[LONDON] Bond markets were given a glimpse of what could be in store once the ECB starts unwinding QE this week, but with speculation still rife as to when it will end, many are unprepared for what lies ahead.
Ten-year Bund yields crept back into positive territory in recent days, the first time since July, after the central bank failed to deliver on expectations on September 8 that it would extend quantitative easing beyond March 2017.
This was a wake-up call for investors who had been lulled into a false sense of security in recent months as ECB bond buying appeared to trump any market concerns.
"Some of what we have seen in the last few days clearly reflects some uncertainty around the theme of central banks running out of ammunition or approaching the end of their easing cycles," said David Riley, head of credit strategy at Bluebay Asset Management.
It would not be the first time that markets are caught out by central banks. Ten-year US Treasuries rocketed from around 1.4 per cent to almost 3 per cent in less than four months after the US Federal Reserve said in May 2013 that it would reduce its bond buying.

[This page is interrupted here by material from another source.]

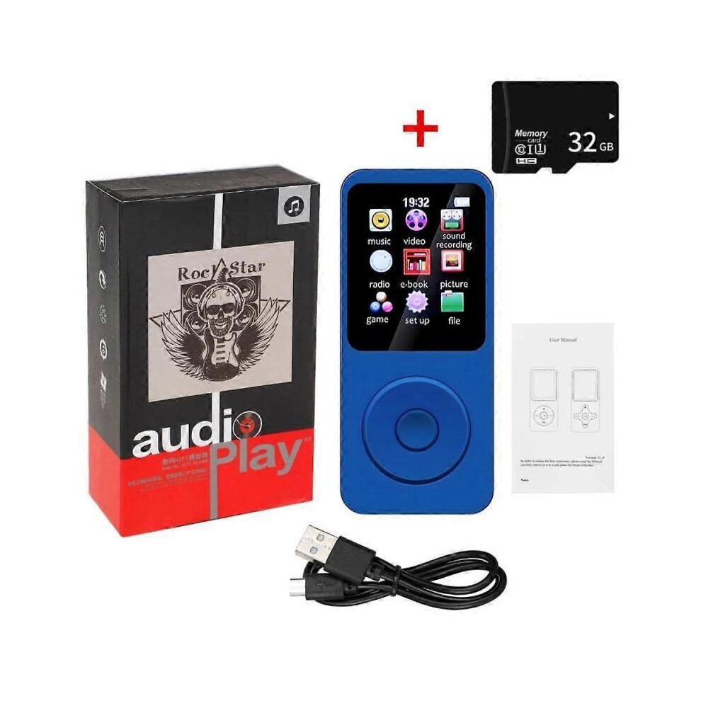 (With 32G TF Card, blue) Mini MP3 MP4 Players FM Radio Bluetooth-Compatible 5.4 Stereo Music Player Portable Speaker Support FM TF Card E-Book Voice R

Investors can position portfolios for tapering by selling their long-end bond holdings and buying short-duration debt, according to two investors, as bond yield curves will become increasingly steep as the price of longer-duration notes fall.

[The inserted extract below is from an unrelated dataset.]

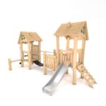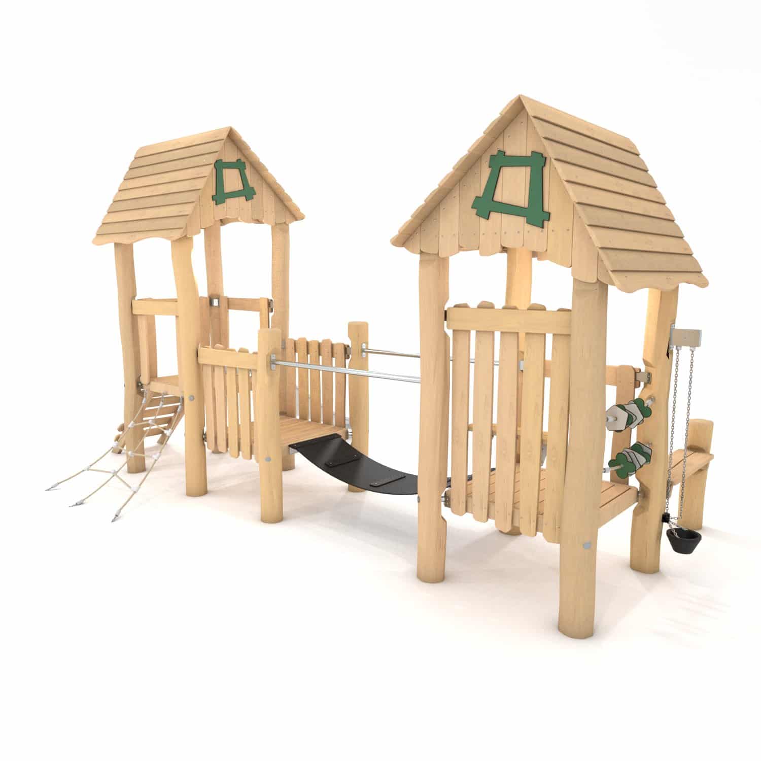Spielturmanlage mit 2 Türmen, Rutsche und Wackelbrücke – ROBINIA RB1207 von Vinci Play – Abenteuer für kleine Entdecker!

"Realistically, this will be done through swap rates rather than actually buying and selling the bonds," said an investor. "The difficult part is knowing where on the curve the tipping point is - where will it start to steepen?"
But for all the disappointments following the ECB meeting, many still believe that tapering is not the most likely scenario.
"The market probably now needs to start debating when that tapering may occur," said Tanguy Le Saout, head of European fixed income at Pioneer Investments.
"Rather than blindly believing that quantitative easing will forever be extended." But many investors are still banking on a continuation. "There won't be a hard stop," said Mr Riley. "I wouldn't discount the idea of happening in March but it's not the base case. Tapering is going to imply higher yields and that isn't priced into the market."
And while the ECB features high on investors' radars, there may be another disruption to the eurozone bond markets well before March 2017 - as the Bank of Japan is due to meet next Tuesday to discuss a policy change that has the potential to reverberate globally.
It is certainly possible that the BoJ announces plans to target specific parts of the Japanese government bond curve with its asset purchase programme. This could send Japanese investors - who have long snapped up international bonds because of JGB's lowly yields - flocking back to their sovereign's debt.
"Japanese investors are important buyers of euro government bonds," said Antoine Bouvet, a rates strategist at Mizuho. "If the BoJ changes policy in a way that steepens the JGB curve at the long end, some buyers will be less active in the euro market. This will put upward pressure on yields."
While this has the potential to hurt European investors, it could be a boon to the ECB, which has struggled to find debt to buy that yields enough to fit within its self-imposed limitation of only buying debt that yields more than the -0.4 per cent deposit rate.
And the ECB still has a few more strings to its bow if it does decide to keep quantitative easing going. "There is still room for the ECB to manoeuvre," said Mr Riley. "We have the Bank of Japan buying equity ETFs. I don't think that will happen quite yet with the ECB, but senior bank debt could be an option."